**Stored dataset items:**
________________________________________

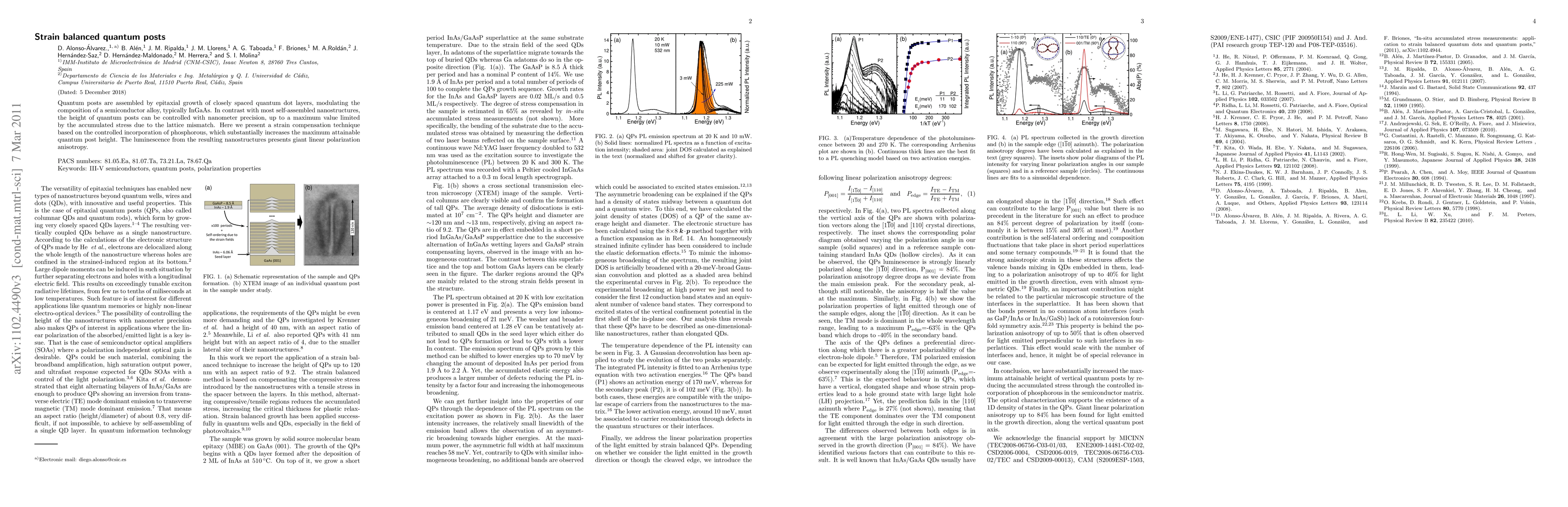 This paper introduces a strain compensation technique for quantum posts, achieved by incorporating phosphorous, which enhances the maximum height of quantum post structures. The method results in nanostructures with significant linear polarization anisotropy in their luminescence.
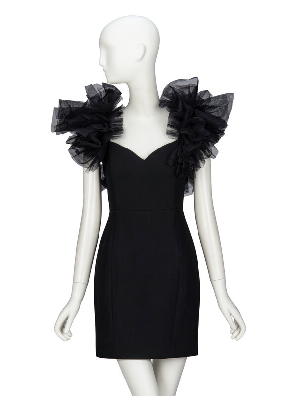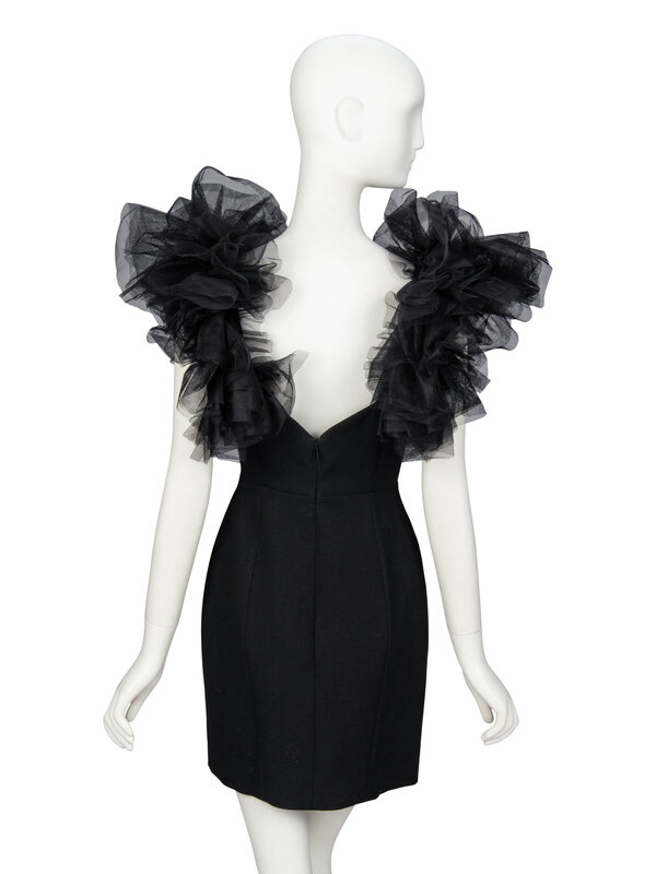Minidress in black wool crêpe; features large layered tulle ruffles at shoulder straps. Sweetheart neckline. Fitted bodice & waist. Mid-thigh length straight skirt. Invisible zipper closure at back. Fully lined.
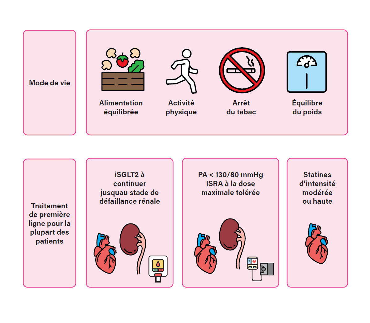 Sur le plan thérapeutique, la mise en route d’un traitement médicamenteux ne doit pas être retardée chez les patients atteignant au moins le niveau « jaune » dans la matrice KDIGO.3 Une stratégie pharmacologique adaptée inclut :
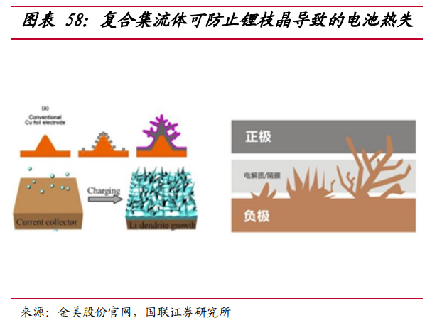 断路效应保证电池安全性。锂离子电离迁移时的数量若超过负极可嵌入数量,会 在负极表面产生锂枝晶,枝晶会穿透隔膜,继而造成内短路并引起热失控。PET 铜箔 受到穿刺时产生的毛刺尺寸较小,且铜箔中间的高分子材料层会发生断路效应从而控制短路电流不增大,从根源上杜绝电池爆炸起火的可能性。
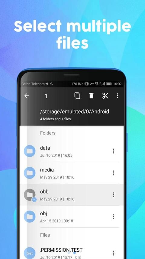 Basic use: With File Manager, you can easily copy, rename, move, delete, share, find, explore, compress, create folders or files, or otherwise organize all your files on any storage.

________________________________________

**EXERCISE GOAL:**
Excluding the pictures, transcribe each entry above word for word.

**RESPONSE TO THE TASK:**
 This paper introduces a strain compensation technique for quantum posts, achieved by incorporating phosphorous, which enhances the maximum height of quantum post structures. The method results in nanostructures with significant linear polarization anisotropy in their luminescence.
Minidress in black wool crêpe; features large layered tulle ruffles at shoulder straps. Sweetheart neckline. Fitted bodice & waist. Mid-thigh length straight skirt. Invisible zipper closure at back. Fully lined.
 Sur le plan thérapeutique, la mise en route d’un traitement médicamenteux ne doit pas être retardée chez les patients atteignant au moins le niveau « jaune » dans la matrice KDIGO.3 Une stratégie pharmacologique adaptée inclut :
 断路效应保证电池安全性。锂离子电离迁移时的数量若超过负极可嵌入数量,会 在负极表面产生锂枝晶,枝晶会穿透隔膜,继而造成内短路并引起热失控。PET 铜箔 受到穿刺时产生的毛刺尺寸较小,且铜箔中间的高分子材料层会发生断路效应从而控制短路电流不增大,从根源上杜绝电池爆炸起火的可能性。
 Basic use: With File Manager, you can easily copy, rename, move, delete, share, find, explore, compress, create folders or files, or otherwise organize all your files on any storage.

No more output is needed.